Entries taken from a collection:
<<<<

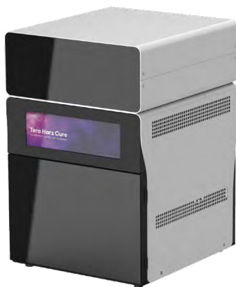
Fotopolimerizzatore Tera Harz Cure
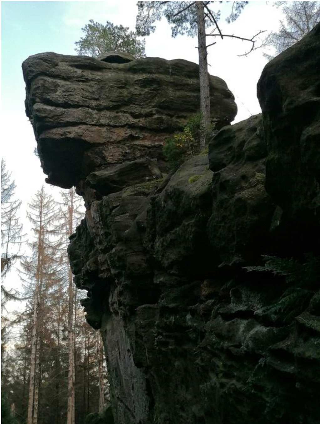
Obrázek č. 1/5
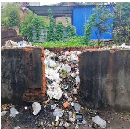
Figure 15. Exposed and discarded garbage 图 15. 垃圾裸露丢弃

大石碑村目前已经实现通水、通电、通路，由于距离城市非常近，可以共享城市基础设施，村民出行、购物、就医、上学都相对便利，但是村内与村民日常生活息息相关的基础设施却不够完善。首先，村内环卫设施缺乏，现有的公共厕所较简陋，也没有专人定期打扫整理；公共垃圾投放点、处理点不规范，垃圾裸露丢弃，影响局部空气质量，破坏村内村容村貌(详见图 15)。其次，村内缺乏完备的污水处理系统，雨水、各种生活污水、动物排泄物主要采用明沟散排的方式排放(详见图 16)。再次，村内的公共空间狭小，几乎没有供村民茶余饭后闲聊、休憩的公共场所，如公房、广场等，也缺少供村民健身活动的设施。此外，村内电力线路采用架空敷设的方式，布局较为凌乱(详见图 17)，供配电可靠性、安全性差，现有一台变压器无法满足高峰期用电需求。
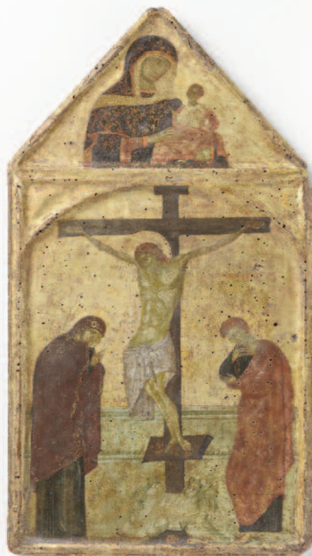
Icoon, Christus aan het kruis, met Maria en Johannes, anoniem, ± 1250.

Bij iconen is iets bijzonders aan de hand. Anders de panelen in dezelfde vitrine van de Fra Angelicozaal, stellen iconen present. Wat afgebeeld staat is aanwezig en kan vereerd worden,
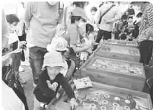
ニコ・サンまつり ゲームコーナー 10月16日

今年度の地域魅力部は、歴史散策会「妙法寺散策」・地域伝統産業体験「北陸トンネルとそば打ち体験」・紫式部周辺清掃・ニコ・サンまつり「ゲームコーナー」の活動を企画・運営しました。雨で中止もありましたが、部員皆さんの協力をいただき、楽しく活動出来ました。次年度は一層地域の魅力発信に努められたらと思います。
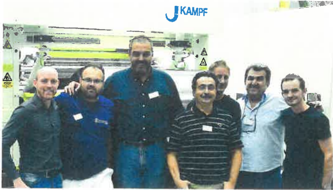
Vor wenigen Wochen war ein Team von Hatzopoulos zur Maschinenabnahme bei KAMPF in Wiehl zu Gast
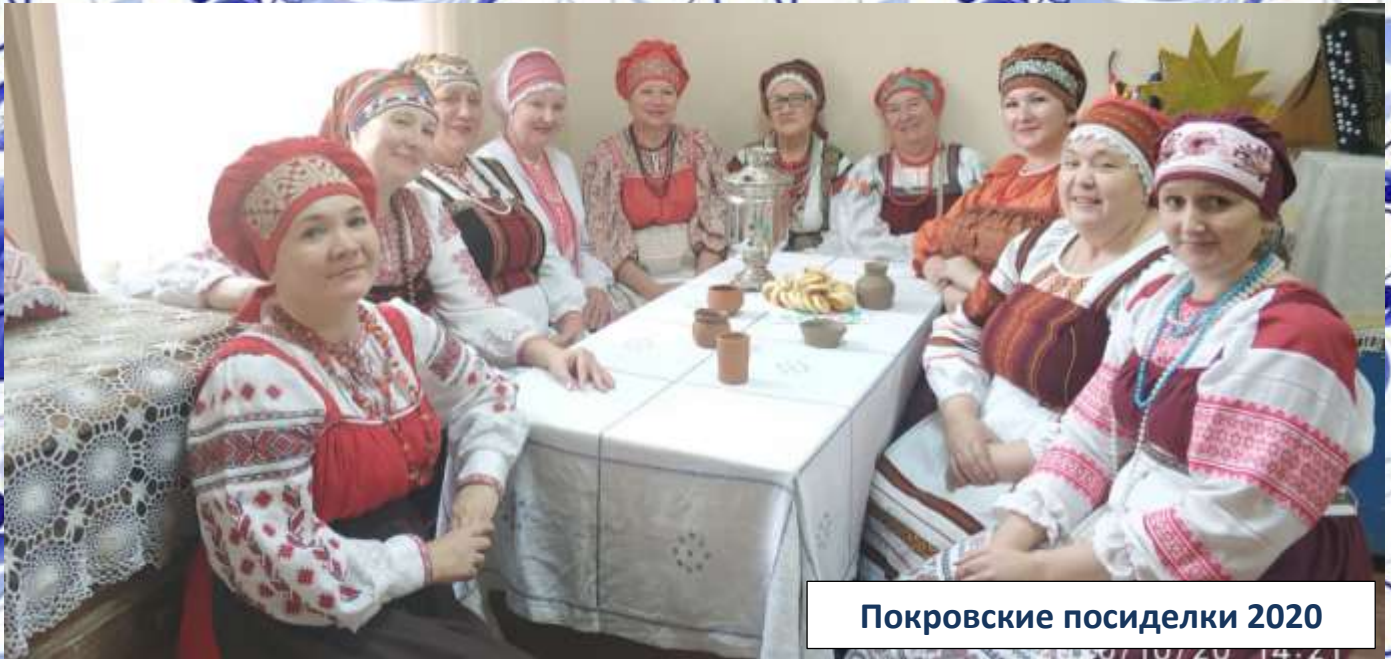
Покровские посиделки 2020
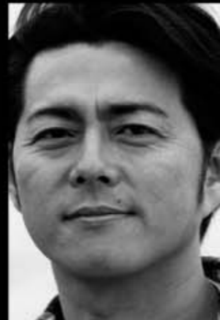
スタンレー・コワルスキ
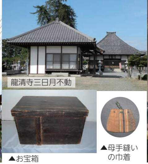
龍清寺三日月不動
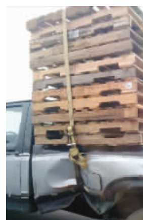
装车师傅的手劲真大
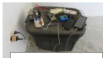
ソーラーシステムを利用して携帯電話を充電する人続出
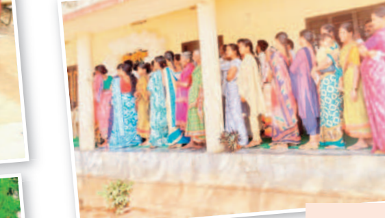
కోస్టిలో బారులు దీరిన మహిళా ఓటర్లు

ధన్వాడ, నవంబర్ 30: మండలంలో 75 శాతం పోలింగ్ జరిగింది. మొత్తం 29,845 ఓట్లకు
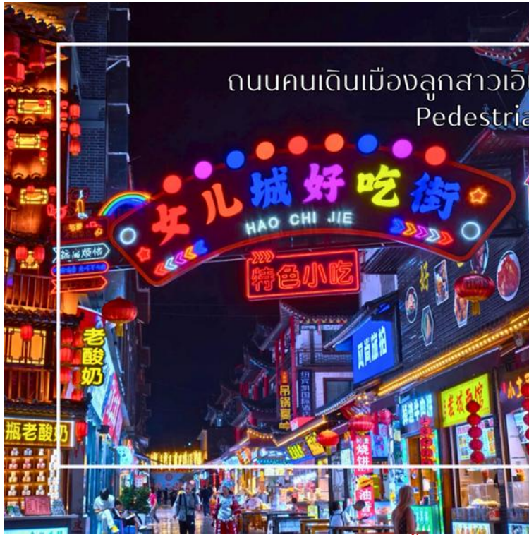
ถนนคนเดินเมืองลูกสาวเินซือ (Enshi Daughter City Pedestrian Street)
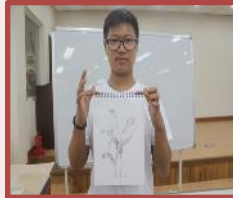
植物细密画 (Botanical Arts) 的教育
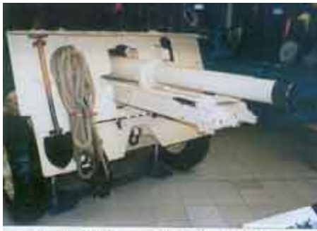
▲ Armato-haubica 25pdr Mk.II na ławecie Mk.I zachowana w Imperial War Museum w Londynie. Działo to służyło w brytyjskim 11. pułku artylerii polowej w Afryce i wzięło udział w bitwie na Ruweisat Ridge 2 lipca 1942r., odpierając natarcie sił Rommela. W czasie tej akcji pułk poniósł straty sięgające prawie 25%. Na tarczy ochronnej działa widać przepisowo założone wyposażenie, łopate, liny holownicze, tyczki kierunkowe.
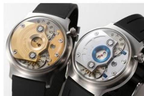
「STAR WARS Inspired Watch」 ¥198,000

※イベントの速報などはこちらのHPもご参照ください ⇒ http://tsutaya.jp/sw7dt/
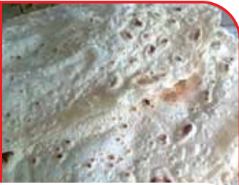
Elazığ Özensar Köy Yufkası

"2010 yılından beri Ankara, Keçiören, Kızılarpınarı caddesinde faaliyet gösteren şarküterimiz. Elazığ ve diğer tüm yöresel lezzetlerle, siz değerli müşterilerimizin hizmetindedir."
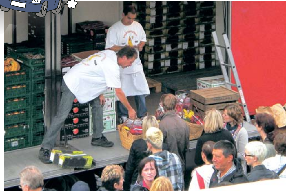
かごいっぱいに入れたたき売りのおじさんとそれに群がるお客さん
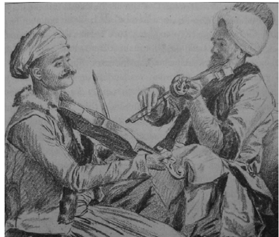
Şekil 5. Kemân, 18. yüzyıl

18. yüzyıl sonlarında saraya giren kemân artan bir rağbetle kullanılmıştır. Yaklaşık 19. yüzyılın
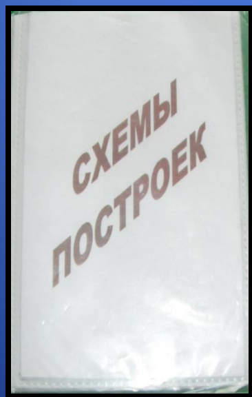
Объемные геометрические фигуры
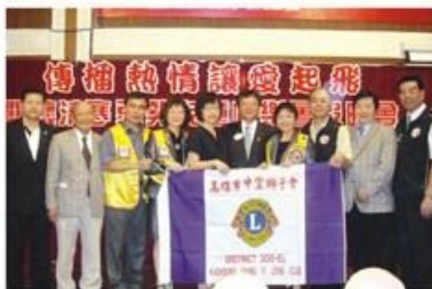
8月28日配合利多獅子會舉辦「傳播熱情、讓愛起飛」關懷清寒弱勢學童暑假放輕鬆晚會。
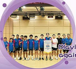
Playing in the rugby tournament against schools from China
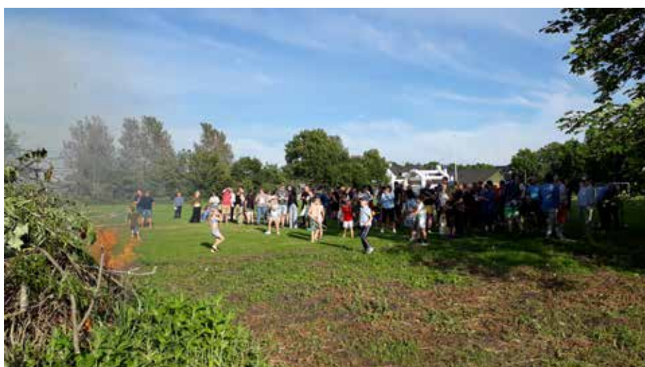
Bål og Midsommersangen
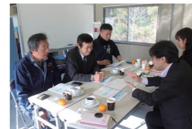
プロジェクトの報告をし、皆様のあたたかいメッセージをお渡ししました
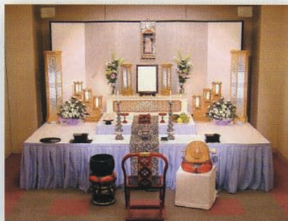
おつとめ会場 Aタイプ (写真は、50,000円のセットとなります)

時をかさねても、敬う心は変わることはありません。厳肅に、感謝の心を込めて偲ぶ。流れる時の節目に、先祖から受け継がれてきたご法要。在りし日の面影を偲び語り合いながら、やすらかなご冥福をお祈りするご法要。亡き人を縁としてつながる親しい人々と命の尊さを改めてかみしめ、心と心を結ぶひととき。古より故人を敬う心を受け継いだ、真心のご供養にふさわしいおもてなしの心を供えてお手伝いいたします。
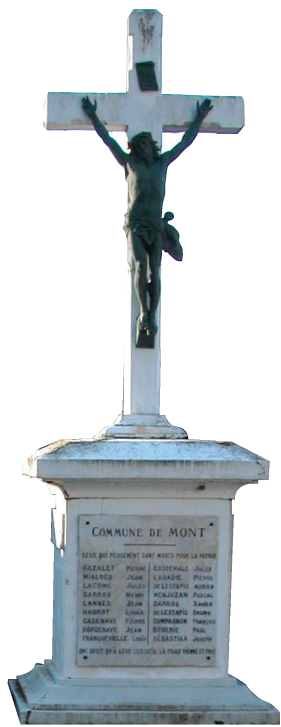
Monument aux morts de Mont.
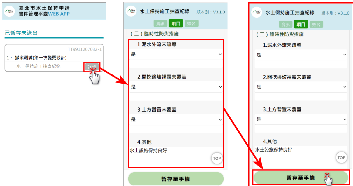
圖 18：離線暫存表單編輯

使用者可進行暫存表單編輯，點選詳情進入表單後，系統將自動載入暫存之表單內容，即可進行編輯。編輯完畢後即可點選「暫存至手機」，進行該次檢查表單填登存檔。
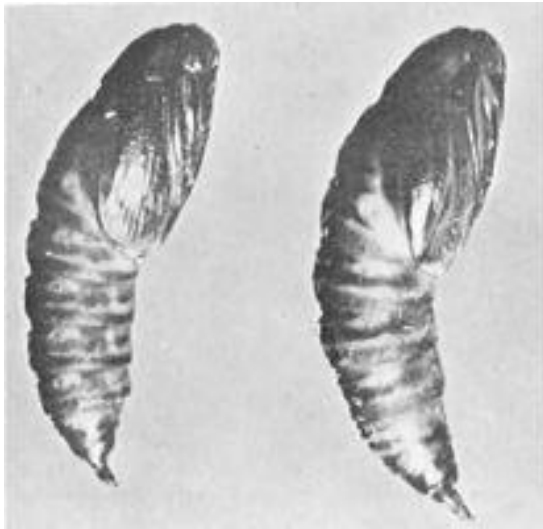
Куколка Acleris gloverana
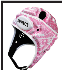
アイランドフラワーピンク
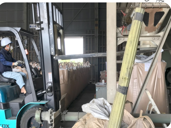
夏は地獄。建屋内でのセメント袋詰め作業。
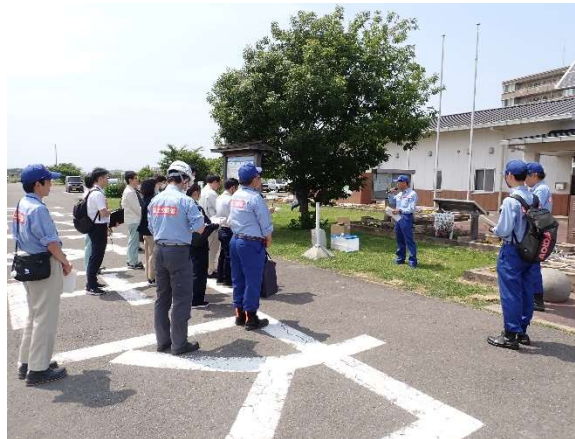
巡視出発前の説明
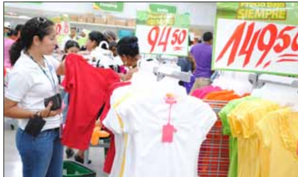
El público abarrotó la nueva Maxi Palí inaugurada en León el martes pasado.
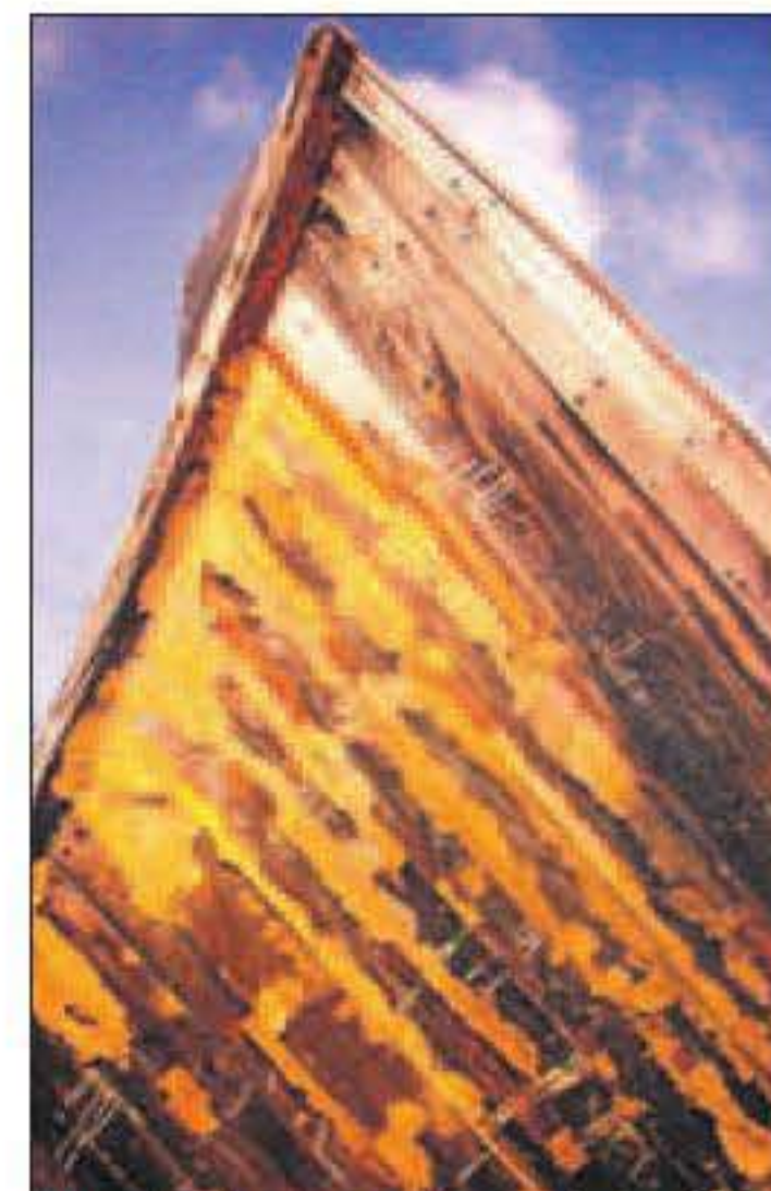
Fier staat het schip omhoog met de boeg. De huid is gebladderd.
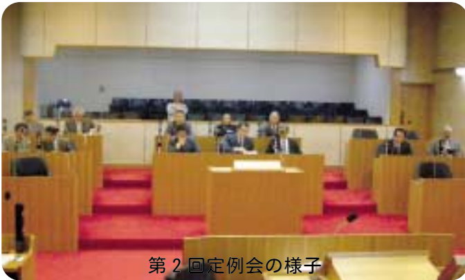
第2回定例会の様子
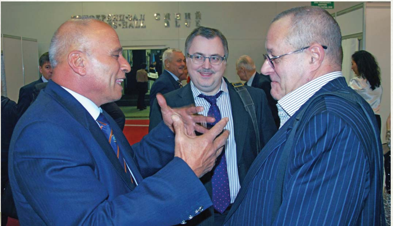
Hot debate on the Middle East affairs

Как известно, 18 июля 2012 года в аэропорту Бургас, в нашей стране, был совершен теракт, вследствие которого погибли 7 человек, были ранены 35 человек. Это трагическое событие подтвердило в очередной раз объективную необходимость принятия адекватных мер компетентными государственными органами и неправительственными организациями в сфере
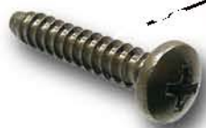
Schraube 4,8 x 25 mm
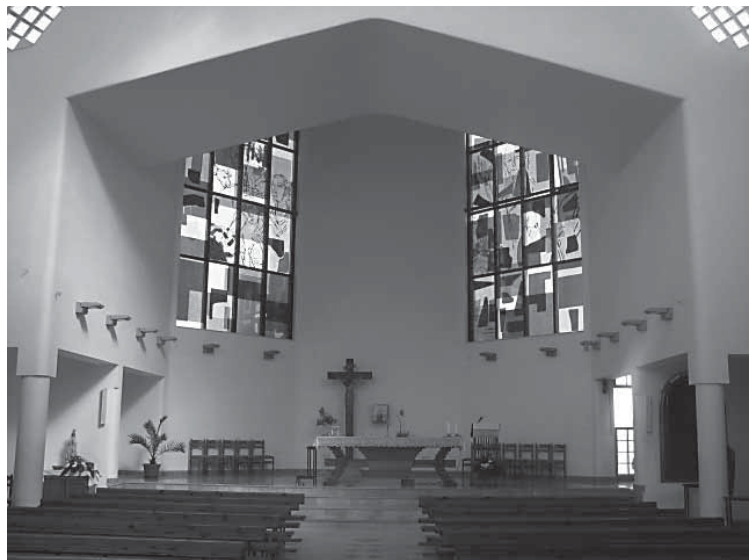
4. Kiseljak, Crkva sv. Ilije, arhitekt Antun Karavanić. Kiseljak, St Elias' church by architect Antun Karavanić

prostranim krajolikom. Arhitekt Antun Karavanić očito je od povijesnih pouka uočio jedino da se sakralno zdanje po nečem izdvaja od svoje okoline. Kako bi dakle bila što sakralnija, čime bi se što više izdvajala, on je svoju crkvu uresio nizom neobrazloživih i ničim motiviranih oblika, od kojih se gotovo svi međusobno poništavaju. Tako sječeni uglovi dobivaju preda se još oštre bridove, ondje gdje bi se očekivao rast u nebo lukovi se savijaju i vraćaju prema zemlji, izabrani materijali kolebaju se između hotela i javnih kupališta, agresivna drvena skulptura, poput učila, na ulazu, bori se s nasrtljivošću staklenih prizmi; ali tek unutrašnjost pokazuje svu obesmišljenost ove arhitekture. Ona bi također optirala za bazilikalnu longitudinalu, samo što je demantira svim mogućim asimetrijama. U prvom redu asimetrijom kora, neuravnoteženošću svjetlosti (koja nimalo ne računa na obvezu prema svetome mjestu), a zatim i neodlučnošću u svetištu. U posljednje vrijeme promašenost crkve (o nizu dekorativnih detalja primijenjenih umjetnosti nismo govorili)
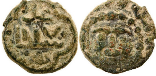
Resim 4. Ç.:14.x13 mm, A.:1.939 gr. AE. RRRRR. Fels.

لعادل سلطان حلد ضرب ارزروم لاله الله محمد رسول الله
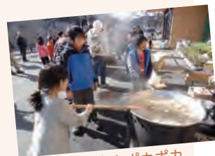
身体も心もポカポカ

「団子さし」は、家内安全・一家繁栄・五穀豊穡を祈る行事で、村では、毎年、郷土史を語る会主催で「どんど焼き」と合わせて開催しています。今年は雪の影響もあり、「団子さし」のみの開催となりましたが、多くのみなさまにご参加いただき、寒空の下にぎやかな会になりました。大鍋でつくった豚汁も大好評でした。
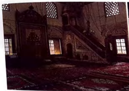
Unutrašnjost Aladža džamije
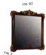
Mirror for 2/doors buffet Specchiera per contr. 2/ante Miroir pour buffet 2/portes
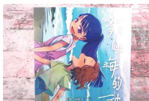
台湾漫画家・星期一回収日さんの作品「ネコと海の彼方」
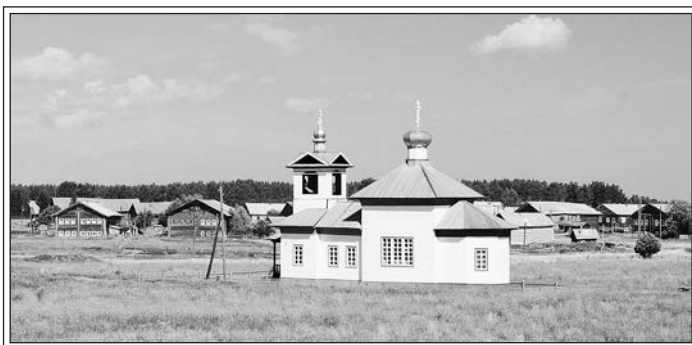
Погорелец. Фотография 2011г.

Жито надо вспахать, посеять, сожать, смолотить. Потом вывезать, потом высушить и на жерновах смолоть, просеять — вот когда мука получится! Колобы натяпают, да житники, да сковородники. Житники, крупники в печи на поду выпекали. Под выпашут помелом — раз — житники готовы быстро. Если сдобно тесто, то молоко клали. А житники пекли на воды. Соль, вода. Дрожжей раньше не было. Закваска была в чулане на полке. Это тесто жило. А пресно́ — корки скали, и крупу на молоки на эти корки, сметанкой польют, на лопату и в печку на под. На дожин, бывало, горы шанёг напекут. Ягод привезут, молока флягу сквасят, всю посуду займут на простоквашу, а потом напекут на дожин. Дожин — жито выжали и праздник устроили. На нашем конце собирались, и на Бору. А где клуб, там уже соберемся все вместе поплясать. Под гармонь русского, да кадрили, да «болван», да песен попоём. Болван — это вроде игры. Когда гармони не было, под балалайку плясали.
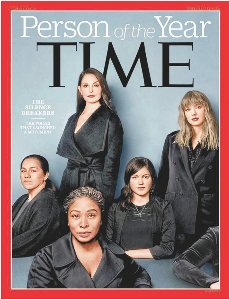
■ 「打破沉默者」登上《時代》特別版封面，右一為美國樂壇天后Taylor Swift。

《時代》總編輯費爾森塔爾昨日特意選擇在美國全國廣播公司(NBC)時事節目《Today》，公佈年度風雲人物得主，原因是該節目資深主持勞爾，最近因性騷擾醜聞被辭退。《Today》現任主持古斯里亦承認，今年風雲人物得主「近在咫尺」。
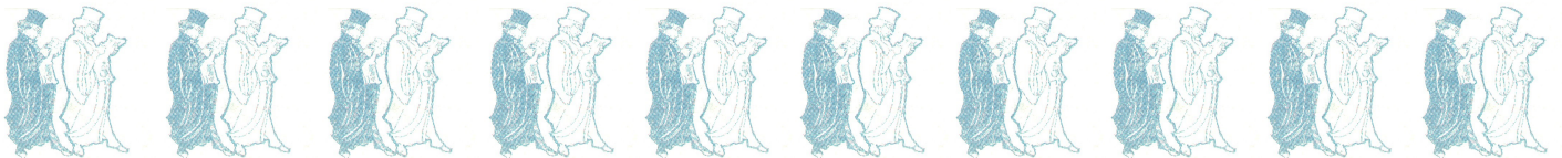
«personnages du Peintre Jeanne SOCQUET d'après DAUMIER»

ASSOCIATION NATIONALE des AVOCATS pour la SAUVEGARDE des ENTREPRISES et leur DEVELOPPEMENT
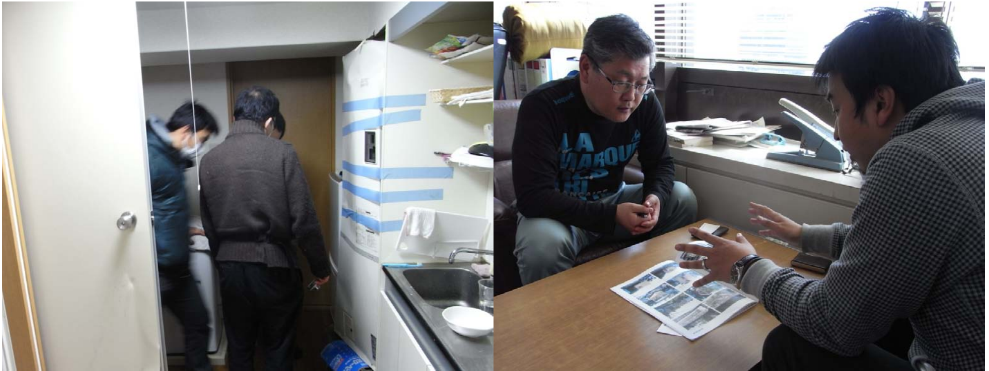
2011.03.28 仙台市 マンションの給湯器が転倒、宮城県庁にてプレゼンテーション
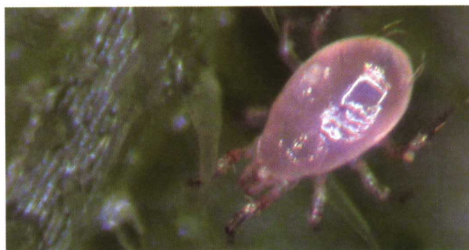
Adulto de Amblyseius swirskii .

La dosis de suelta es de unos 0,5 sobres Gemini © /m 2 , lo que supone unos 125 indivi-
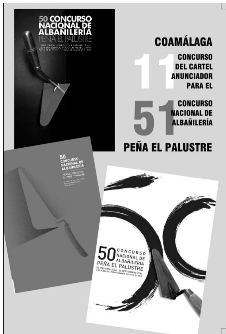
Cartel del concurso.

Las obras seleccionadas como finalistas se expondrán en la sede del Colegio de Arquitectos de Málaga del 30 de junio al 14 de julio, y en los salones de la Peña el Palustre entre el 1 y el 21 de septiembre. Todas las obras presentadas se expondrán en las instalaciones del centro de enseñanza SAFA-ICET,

>>>>

→ Task goal: The expected answer is every line above in which the word "サンまつり" appears.

→ Expected answer:
ニコ・サンまつり ゲームコーナー 10月16日
今年度の地域魅力部は、歴史散策会「妙法寺散策」・地域伝統産業体験「北陸トンネルとそば打ち体験」・紫式部周辺清掃・ニコ・サンまつり「ゲームコーナー」の活動を企画・運営しました。雨で中止もありましたが、部員皆さんの協力をいただき、楽しく活動出来ました。次年度は一層地域の魅力発信に努められたらと思います。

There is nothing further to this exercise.